** Opening SUPPLIED DATA block **

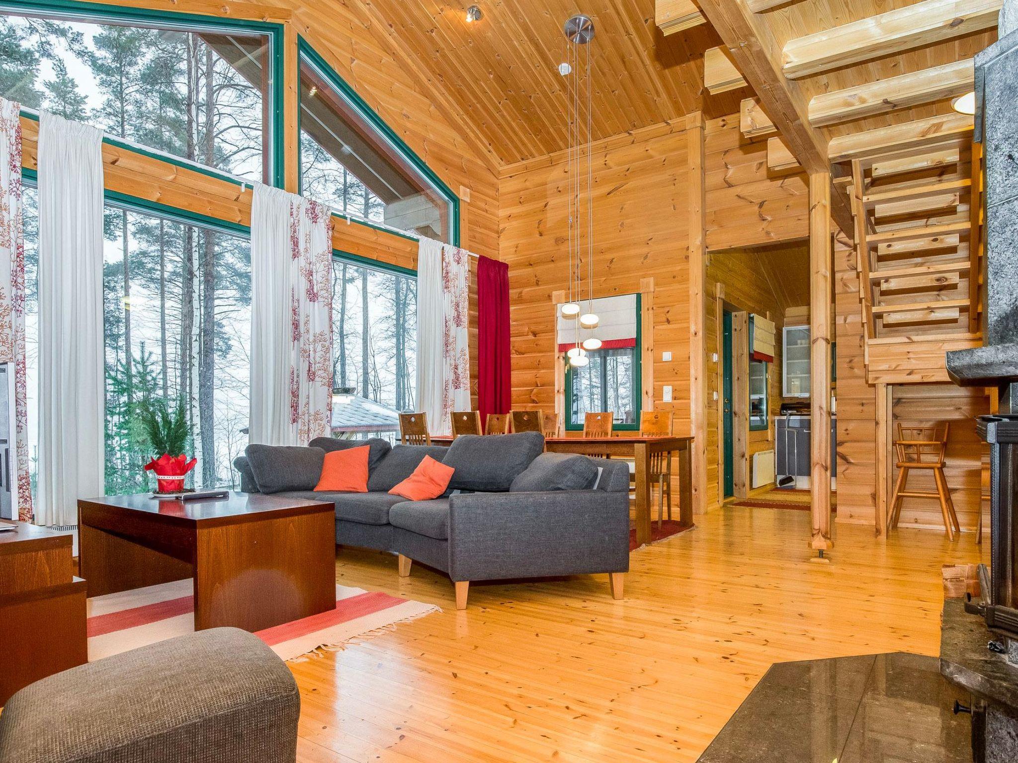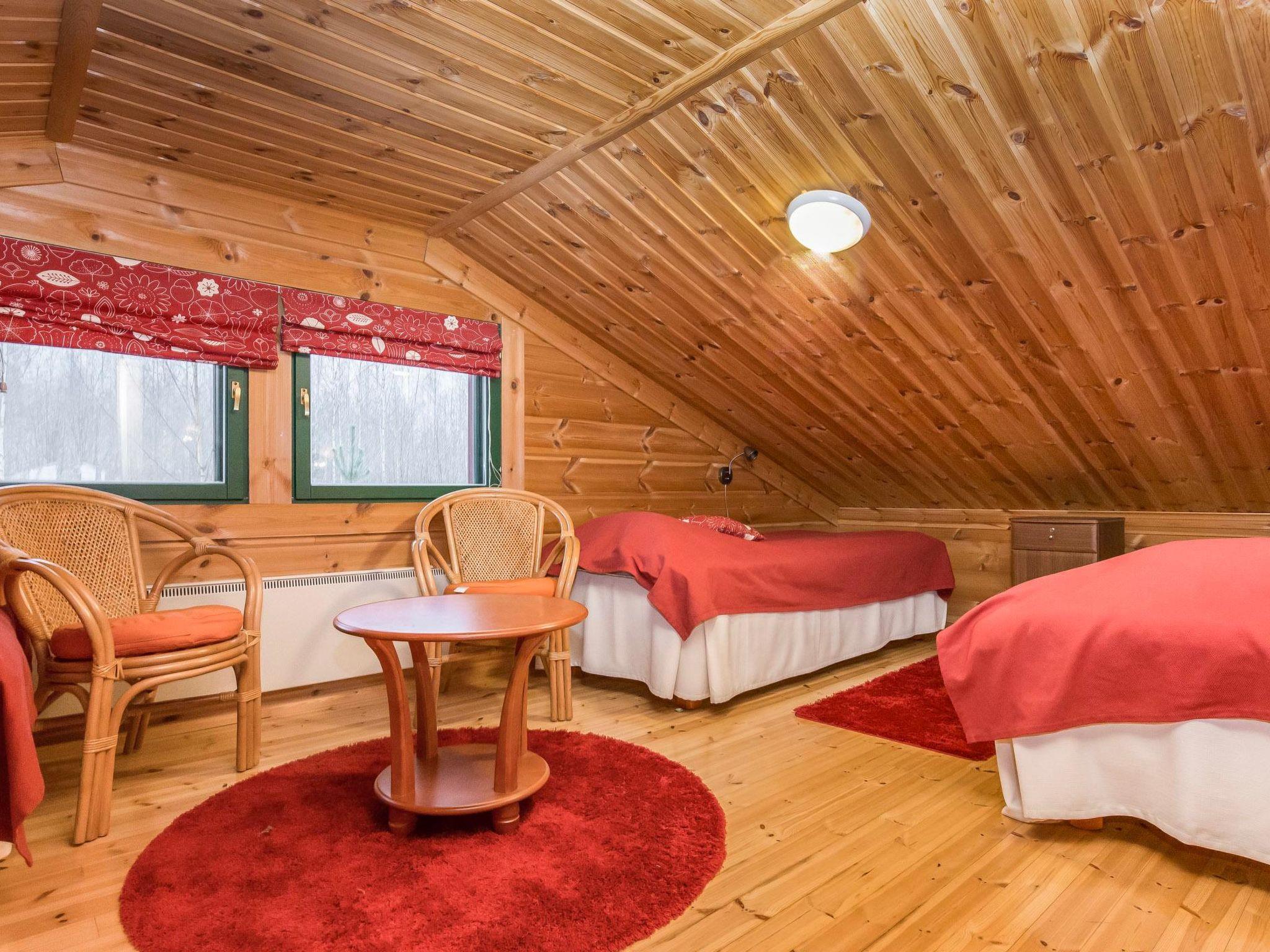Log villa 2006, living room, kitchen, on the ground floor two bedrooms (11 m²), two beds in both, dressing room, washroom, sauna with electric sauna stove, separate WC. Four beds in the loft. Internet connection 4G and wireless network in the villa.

** Closing SUPPLIED DATA block **
** Opening SUPPLIED DATA block **

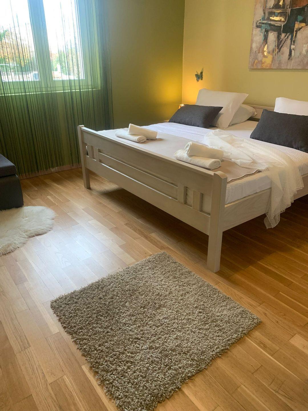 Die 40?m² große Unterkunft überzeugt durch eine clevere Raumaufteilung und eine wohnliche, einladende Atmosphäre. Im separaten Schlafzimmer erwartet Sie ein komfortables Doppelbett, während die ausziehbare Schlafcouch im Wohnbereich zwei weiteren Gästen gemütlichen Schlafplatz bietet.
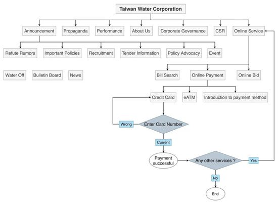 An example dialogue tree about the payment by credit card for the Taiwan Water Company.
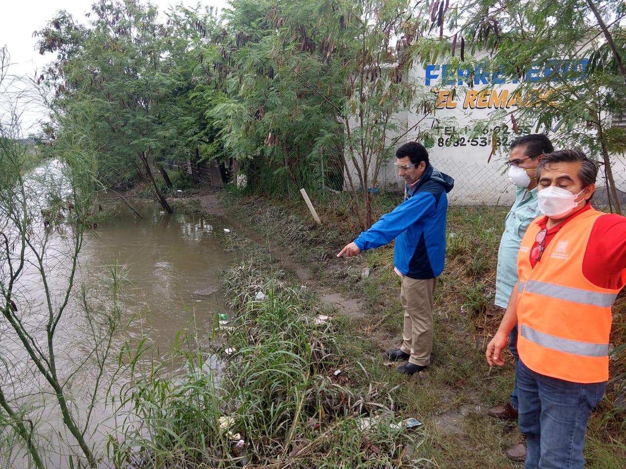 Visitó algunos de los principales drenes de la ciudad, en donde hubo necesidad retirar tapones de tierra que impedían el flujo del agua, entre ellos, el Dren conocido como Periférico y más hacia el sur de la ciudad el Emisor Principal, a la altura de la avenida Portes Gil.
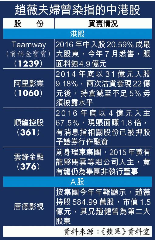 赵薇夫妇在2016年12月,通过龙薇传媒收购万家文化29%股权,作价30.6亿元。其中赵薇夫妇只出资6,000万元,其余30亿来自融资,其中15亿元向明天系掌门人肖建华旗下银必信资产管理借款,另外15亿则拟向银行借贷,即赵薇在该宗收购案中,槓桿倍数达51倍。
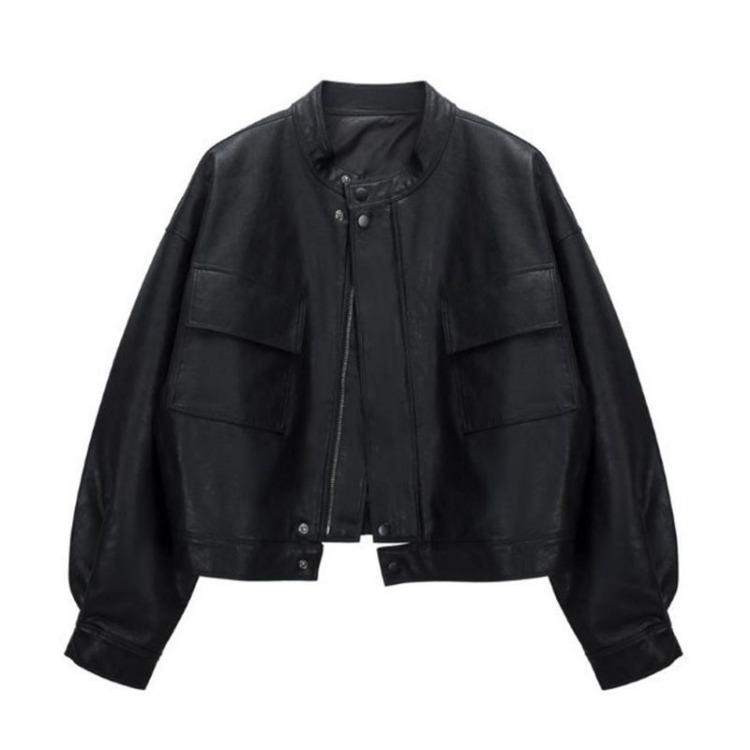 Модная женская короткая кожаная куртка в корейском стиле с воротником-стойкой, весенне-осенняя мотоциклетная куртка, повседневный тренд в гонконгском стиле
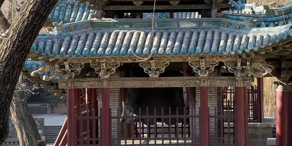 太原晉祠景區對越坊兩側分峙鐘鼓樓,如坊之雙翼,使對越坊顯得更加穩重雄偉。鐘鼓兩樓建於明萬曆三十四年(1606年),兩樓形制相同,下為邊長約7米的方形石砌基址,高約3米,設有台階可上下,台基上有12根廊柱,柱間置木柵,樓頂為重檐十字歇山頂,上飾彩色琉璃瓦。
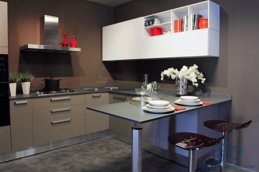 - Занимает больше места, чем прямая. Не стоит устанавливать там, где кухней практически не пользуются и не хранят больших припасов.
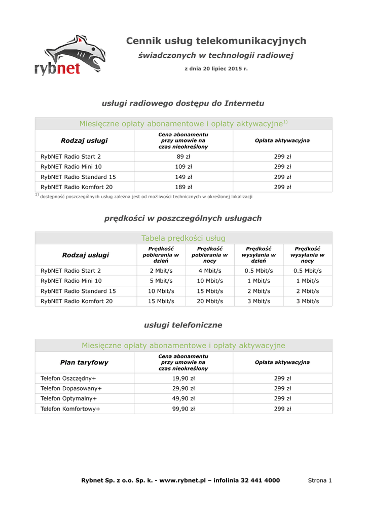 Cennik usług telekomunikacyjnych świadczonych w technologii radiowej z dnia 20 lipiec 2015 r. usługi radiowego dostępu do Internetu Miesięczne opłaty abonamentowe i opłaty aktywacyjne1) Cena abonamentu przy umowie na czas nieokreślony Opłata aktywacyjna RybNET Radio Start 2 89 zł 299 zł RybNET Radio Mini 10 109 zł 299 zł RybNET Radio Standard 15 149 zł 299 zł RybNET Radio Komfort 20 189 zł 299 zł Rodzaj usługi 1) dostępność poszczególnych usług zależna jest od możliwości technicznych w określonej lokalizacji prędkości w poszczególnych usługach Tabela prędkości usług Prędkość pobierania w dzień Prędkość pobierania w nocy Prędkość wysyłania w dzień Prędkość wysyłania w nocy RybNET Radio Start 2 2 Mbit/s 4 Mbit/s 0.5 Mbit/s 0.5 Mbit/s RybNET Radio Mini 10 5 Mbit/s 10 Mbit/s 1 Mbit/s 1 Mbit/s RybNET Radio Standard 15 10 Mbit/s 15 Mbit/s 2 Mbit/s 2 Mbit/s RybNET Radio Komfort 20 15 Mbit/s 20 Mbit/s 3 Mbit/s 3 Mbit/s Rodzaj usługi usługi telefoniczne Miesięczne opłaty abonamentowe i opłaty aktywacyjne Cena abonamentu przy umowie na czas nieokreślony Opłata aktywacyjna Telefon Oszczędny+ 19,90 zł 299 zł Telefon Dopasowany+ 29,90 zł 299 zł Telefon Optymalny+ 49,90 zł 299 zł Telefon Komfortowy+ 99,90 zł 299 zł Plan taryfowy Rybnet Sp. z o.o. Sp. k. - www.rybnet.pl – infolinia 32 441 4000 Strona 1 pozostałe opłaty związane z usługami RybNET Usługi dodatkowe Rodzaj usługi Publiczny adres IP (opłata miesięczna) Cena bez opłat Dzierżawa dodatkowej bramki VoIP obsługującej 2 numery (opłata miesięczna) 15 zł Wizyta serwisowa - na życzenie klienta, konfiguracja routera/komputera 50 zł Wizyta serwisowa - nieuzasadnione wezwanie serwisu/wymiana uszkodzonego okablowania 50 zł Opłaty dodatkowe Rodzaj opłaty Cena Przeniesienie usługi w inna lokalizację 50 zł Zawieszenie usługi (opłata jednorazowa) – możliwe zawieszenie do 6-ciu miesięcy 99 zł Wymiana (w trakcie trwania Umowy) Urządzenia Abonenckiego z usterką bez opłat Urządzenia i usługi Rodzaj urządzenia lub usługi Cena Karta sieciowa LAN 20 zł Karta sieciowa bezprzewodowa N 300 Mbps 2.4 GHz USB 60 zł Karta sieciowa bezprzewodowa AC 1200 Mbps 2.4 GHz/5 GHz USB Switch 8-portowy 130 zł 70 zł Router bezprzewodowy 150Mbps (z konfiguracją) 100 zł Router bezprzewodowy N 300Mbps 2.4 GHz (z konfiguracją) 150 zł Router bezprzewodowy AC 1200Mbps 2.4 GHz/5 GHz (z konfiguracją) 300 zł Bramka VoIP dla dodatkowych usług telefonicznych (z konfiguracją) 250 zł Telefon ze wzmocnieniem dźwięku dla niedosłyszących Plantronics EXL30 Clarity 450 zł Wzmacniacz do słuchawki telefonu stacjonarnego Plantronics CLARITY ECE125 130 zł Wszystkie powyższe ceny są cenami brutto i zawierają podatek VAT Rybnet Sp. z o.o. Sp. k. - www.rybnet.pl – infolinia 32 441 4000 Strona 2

** Closing SUPPLIED DATA block **
** Opening SUPPLIED DATA block **

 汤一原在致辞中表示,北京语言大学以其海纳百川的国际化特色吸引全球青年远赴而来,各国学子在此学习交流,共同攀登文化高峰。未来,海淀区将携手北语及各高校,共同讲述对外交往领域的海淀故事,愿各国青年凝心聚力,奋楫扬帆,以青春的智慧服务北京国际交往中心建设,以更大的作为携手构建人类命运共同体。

** Closing SUPPLIED DATA block **

■ TASK:
From the records above, copy exactly the lines starting at the one with "Die 40?m² große" and ending at the one with "- Занимает больше", and no others. Pictures stay out.

■ SOLUTION TO THIS PROBLEM:
 Die 40?m² große Unterkunft überzeugt durch eine clevere Raumaufteilung und eine wohnliche, einladende Atmosphäre. Im separaten Schlafzimmer erwartet Sie ein komfortables Doppelbett, während die ausziehbare Schlafcouch im Wohnbereich zwei weiteren Gästen gemütlichen Schlafplatz bietet.
 An example dialogue tree about the payment by credit card for the Taiwan Water Company.
 Visitó algunos de los principales drenes de la ciudad, en donde hubo necesidad retirar tapones de tierra que impedían el flujo del agua, entre ellos, el Dren conocido como Periférico y más hacia el sur de la ciudad el Emisor Principal, a la altura de la avenida Portes Gil.
 赵薇夫妇在2016年12月,通过龙薇传媒收购万家文化29%股权,作价30.6亿元。其中赵薇夫妇只出资6,000万元,其余30亿来自融资,其中15亿元向明天系掌门人肖建华旗下银必信资产管理借款,另外15亿则拟向银行借贷,即赵薇在该宗收购案中,槓桿倍数达51倍。
 Модная женская короткая кожаная куртка в корейском стиле с воротником-стойкой, весенне-осенняя мотоциклетная куртка, повседневный тренд в гонконгском стиле
 太原晉祠景區對越坊兩側分峙鐘鼓樓,如坊之雙翼,使對越坊顯得更加穩重雄偉。鐘鼓兩樓建於明萬曆三十四年(1606年),兩樓形制相同,下為邊長約7米的方形石砌基址,高約3米,設有台階可上下,台基上有12根廊柱,柱間置木柵,樓頂為重檐十字歇山頂,上飾彩色琉璃瓦。
 - Занимает больше места, чем прямая. Не стоит устанавливать там, где кухней практически не пользуются и не хранят больших припасов.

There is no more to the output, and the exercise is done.